I changed from my work clothes—a pencil skirt and silk blouse—into a pair of jeans and a Carrick’s T-shirt, tied my hair into a messy bun on the top of my head, and ran back out the door. A flight and a half down, I thought I might’ve forgotten the keys to the bar, so I stopped midstep to dig in my purse. While I did, I accidentally eavesdropped on Olivia’s conversation.
“Eww. It was gross,” she said. “You know how boxer dogs sometimes have weird, big tongues? That’s what it felt like was in his mouth. Except his tongue was dry, like his lips. Seriously, there wasnospit in there. He might be cute, but I’m never kissing him again.”
Oh shit. Liv is kissing boys? Can’t that wait until she’s at least… I don’t know… thirty?
I located the keys at the bottom of my purse. My niece definitely hadn’t heard me coming, or she wouldn’t have been talking so loud. So I stomped my feet down the rest of the flight to let her know I was on my way. I didn’t have time to address kissing boys with her now, but we would have a discussion about it the next time I watched her.
I passed her the same way I’d entered. In a rush, I stopped at the step she was parked on and kissed the top of her head.
“Have a good night, Liv. Text me the recipe card for what you want for dinner this weekend so I can pick up ingredients for us to cook together.”
“Whatever.” She shrugged. It was a typical teenage answer, but I knew she looked forward to our cooking on the nights her dad worked. Her mom had been a chef at a Michelin-starred restaurant here in the city, and we’d been making our way through her recipes for the last six months.
Outside, a cab was coming down the block. I hailed it, rather than chance waiting for the subway. It was five after six when I walked into Carrick’s—not too bad. I tossed my purse under thebar, grabbed an apron, and tied it around my waist as I walked toward my father.
“Hey, Dad.” I kissed his cheek and looked over at the guy sitting on a stool on the other side of the bar. Frank had been Dad’s partner at the NYPD for thirty years. He spent more hours in this place than my father did. “Hey, Frank. How’s it going?”
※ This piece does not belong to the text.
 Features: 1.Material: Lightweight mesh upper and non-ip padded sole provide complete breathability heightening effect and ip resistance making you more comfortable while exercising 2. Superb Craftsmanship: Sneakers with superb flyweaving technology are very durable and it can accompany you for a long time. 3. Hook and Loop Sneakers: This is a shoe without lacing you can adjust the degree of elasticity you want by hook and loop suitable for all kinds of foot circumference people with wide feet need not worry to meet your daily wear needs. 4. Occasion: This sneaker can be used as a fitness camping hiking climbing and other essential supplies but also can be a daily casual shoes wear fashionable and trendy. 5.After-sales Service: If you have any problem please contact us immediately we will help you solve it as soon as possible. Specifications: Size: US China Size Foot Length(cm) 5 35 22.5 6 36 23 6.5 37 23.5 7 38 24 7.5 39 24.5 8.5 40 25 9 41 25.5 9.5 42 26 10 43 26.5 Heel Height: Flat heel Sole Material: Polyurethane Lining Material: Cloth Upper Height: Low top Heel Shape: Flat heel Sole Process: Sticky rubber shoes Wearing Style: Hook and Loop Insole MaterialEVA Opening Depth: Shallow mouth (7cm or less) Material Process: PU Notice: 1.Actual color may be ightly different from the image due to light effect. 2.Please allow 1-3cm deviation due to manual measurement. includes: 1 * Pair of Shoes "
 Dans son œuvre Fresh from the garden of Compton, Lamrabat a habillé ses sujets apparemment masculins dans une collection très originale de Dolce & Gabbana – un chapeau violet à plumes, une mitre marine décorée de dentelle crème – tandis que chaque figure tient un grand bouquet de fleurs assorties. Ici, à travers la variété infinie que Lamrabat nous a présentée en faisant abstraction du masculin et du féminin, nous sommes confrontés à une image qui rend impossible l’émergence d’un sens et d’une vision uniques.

“I brought my own cushion to sit on because my hemorrhoids are so bad. You guys should really get these old stools repadded before someone like me files an Americans with Disabilities Act complaint.”
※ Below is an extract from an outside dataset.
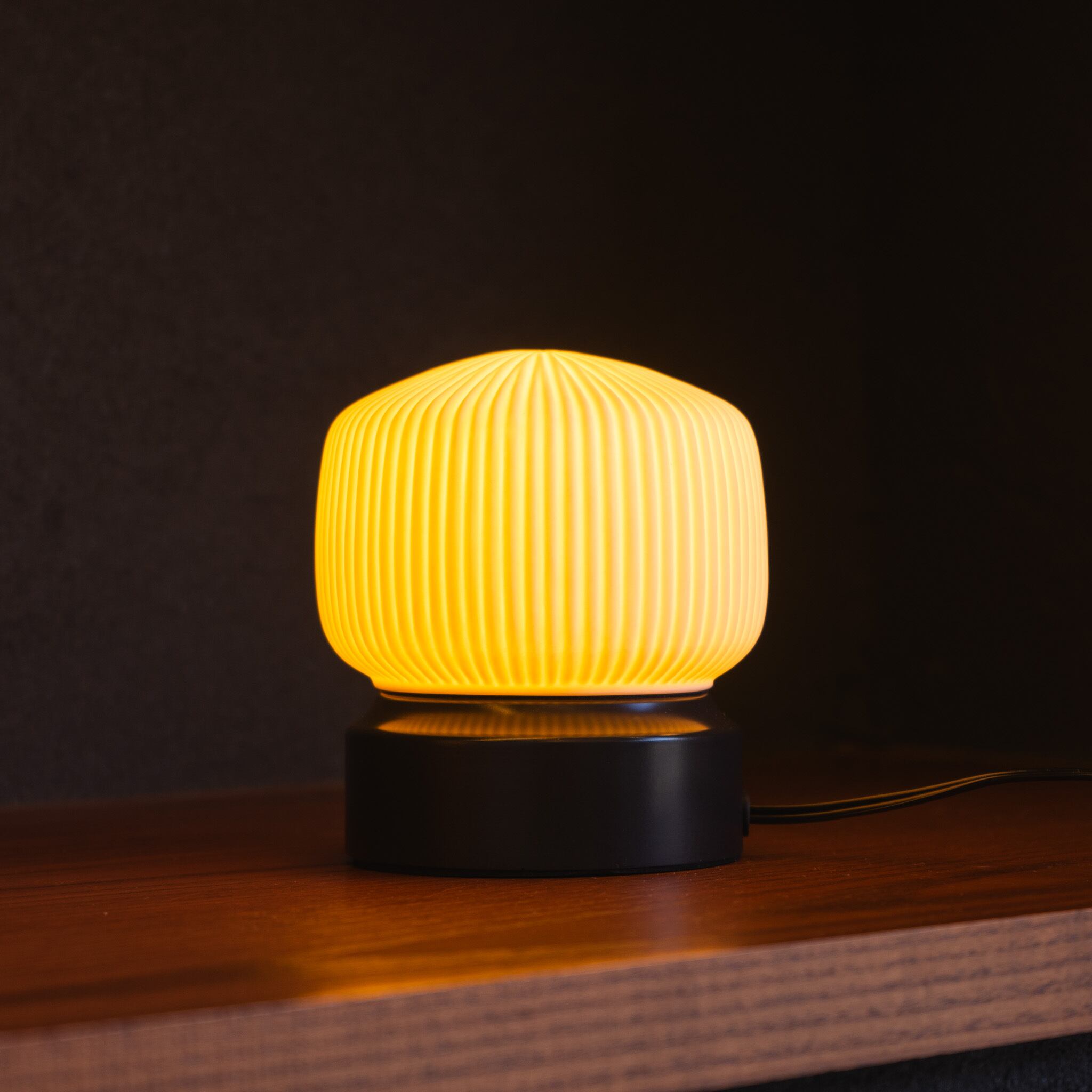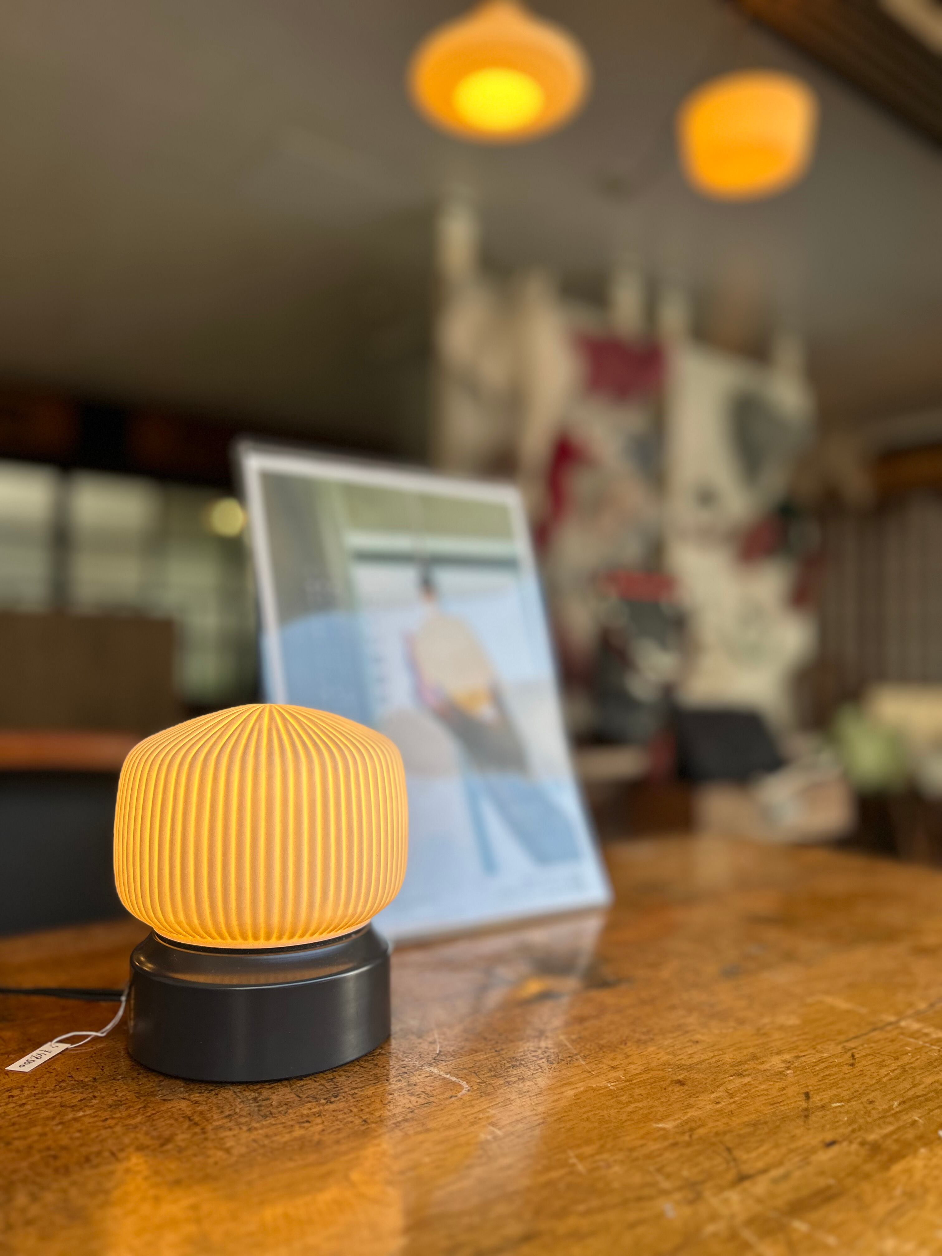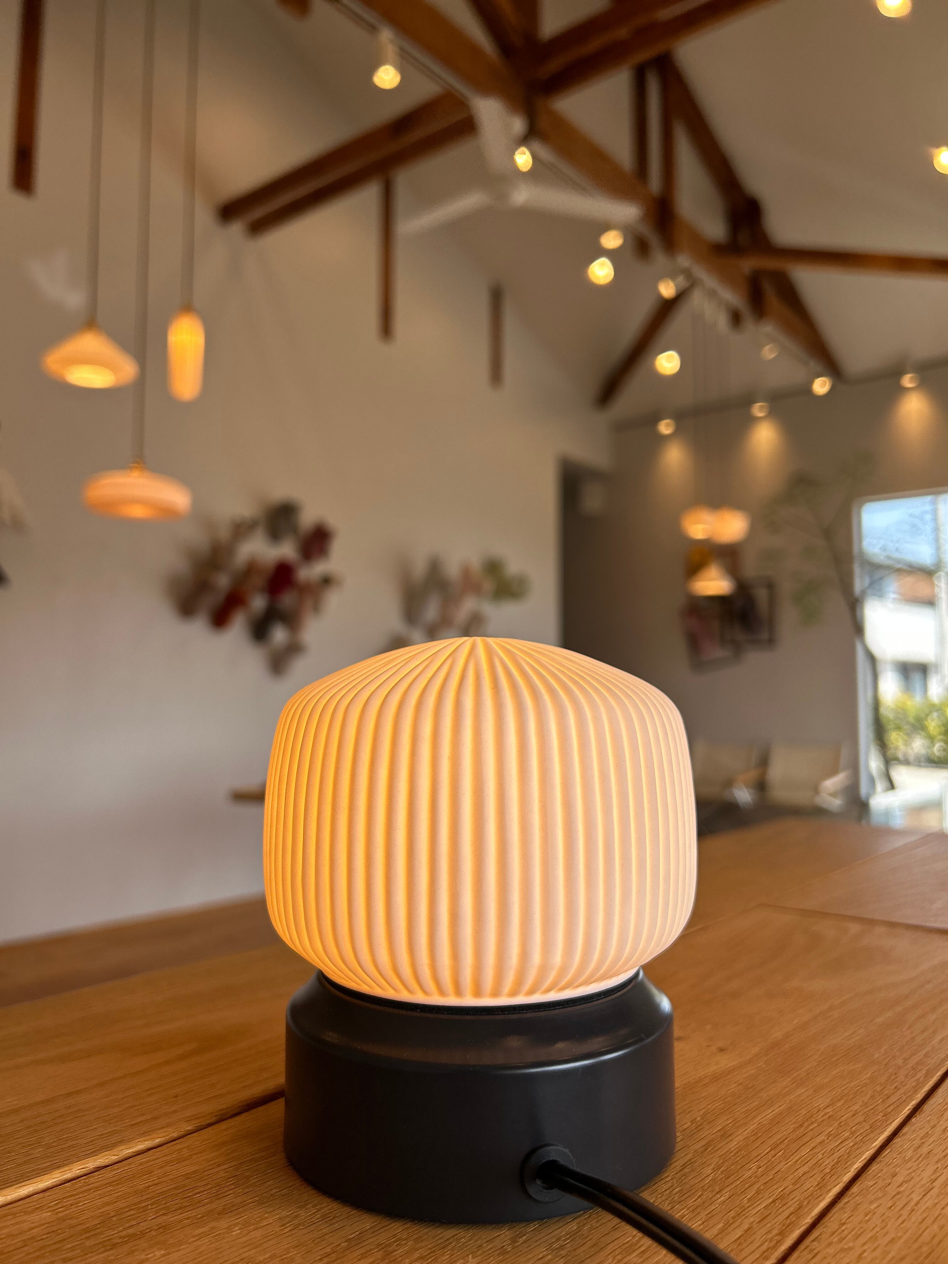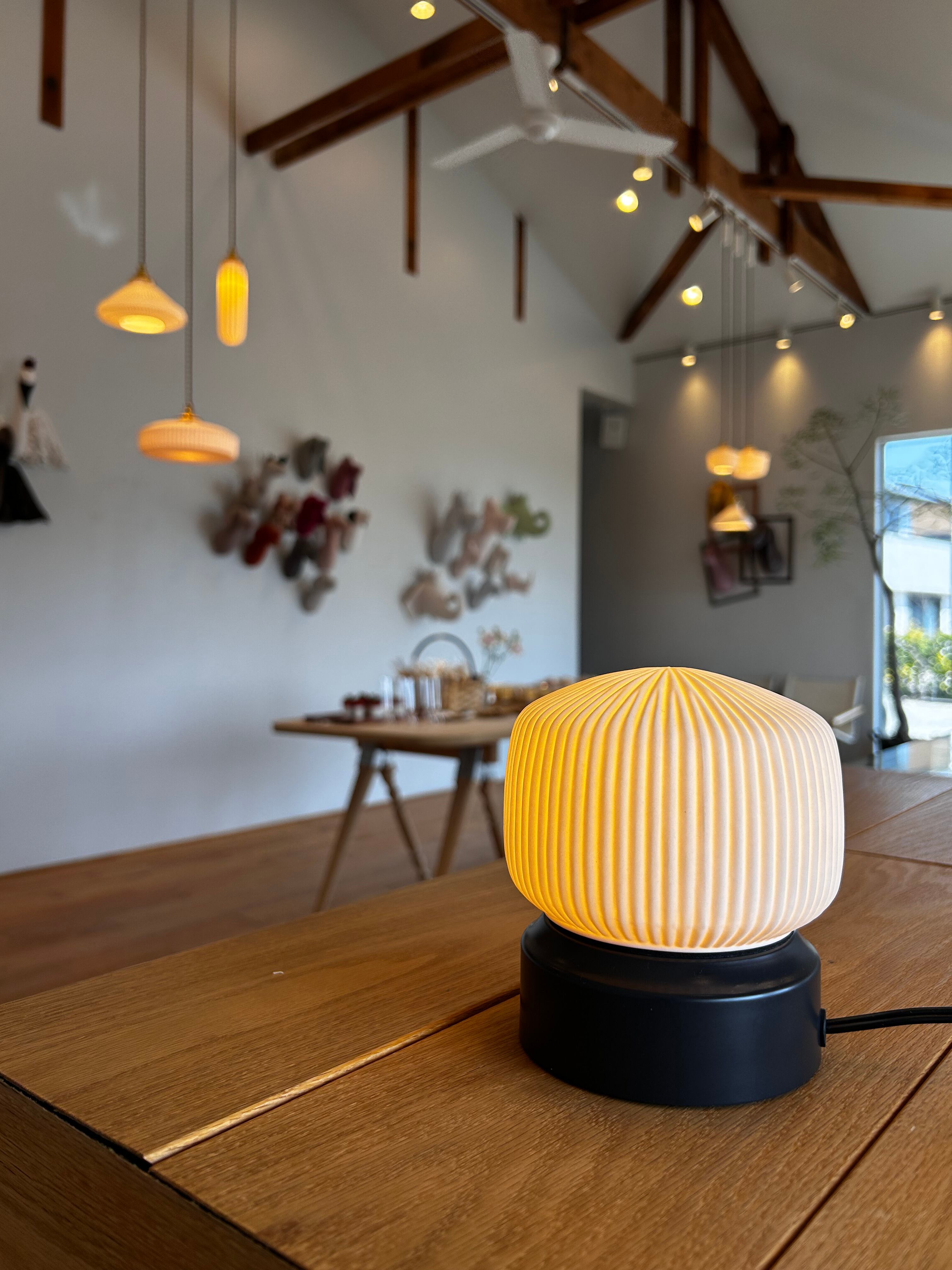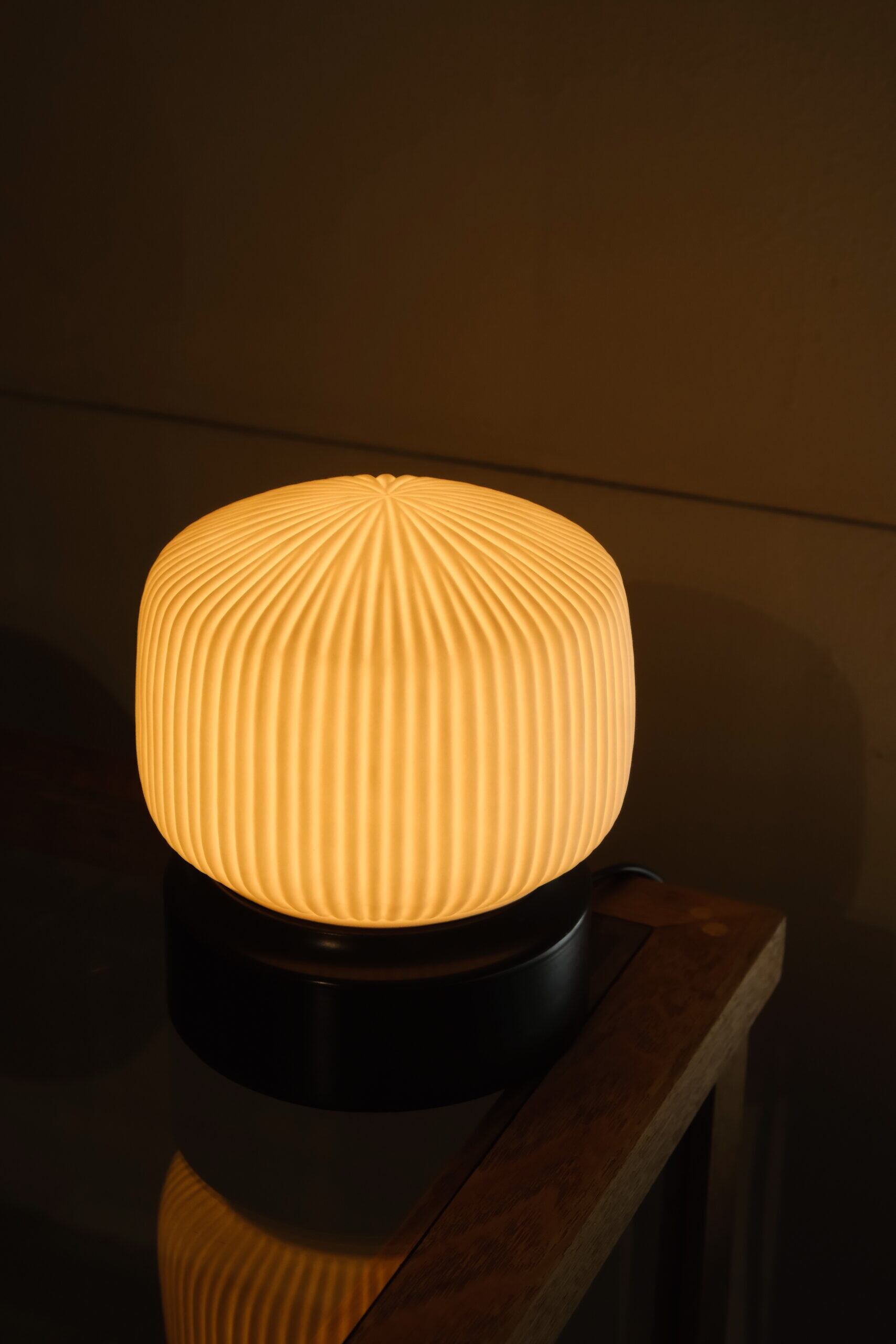 ペンダントライトとしての美しさはそのままに、卓上で愉しめるコンパクトなサイズ感が魅力です。磁器越しに溢れる琥珀色の光が、デスクやベッドサイドに静かな安らぎをもたらし、消灯時も端正なオブジェとして空間を彩ります。

I smiled, shaking my head. “I don’t think your hemorrhoids are covered. But just in case, I’m going to have to start charging you for all the beer you drink to cover the cost of replacing all the cushions.”
He waved me off. “Let’s not go crazy, little miss.”
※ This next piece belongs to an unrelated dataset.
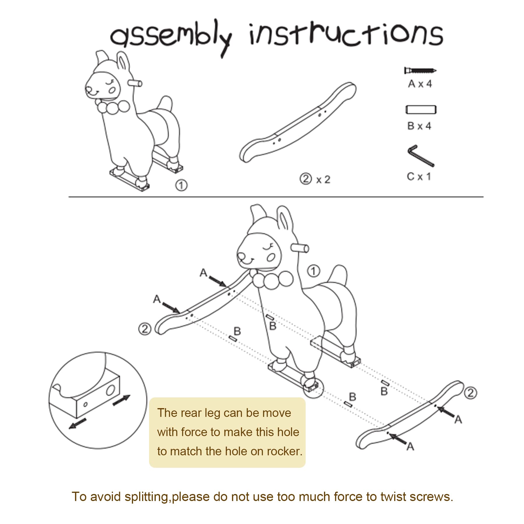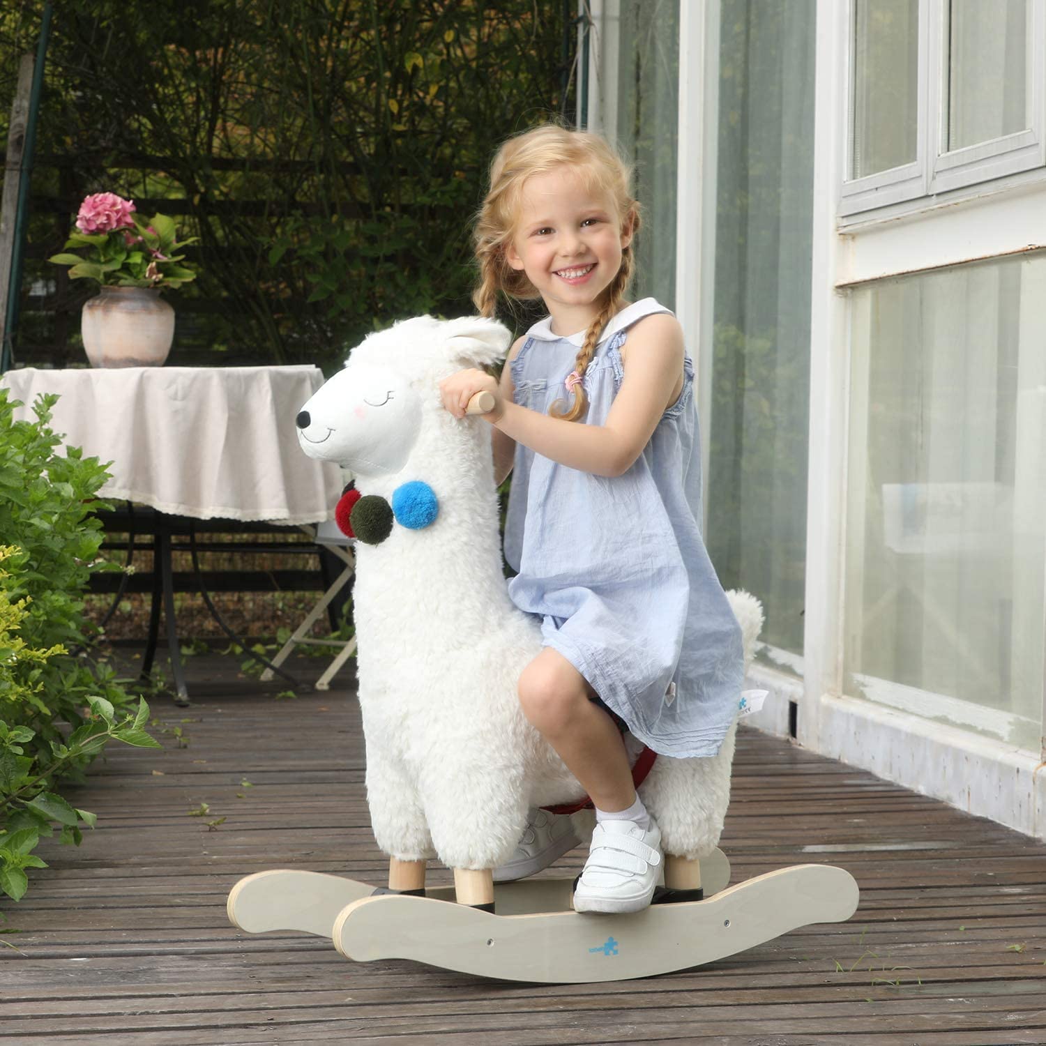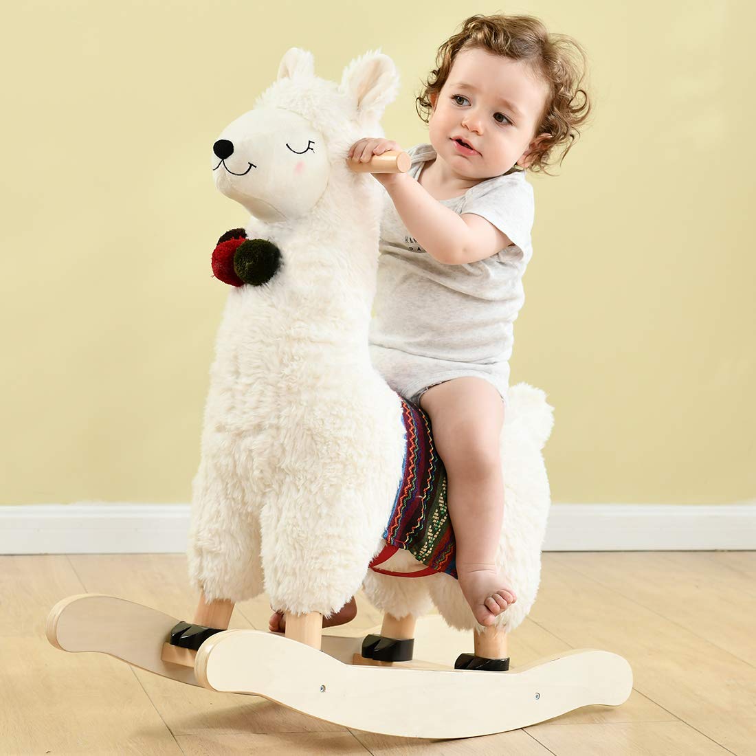 - u265f Certified Safe Material & Quality Guaranteeu265f - Our products feature third-generation plush fabrics and premium PP cotton, PP cotton can still be kept breathable in summer. This white llama/Alpaca rocking horse will accompany your child safe growth. Material of our rocking horse used is strict to Toys Safety Standards EN-71 CE in Europe and ASTM F963 in US. If the product does not live up to your expectations, we guarantee you 30 days money back with no question asked.

The bar was a little fuller than usual for a weeknight—even had a few faces I’d never seen before. I generally knew most of the patrons since I’d grown up in this place. Almost all of them were either NYPD or FDNY. Most of the ones that weren’t didn’t last too long with the regular crowd.
I helped a few people, keeping my eye on Dad as he walked over to see what two guys I didn’t know wanted. They ordered, and Dad walked over to the row of taps and pulled the lever for Guinness. As usual, he filled it three quarters of the way, and his hand shook as he set it on the counter. I saw the guy eye the beer and make a face, so I walked over.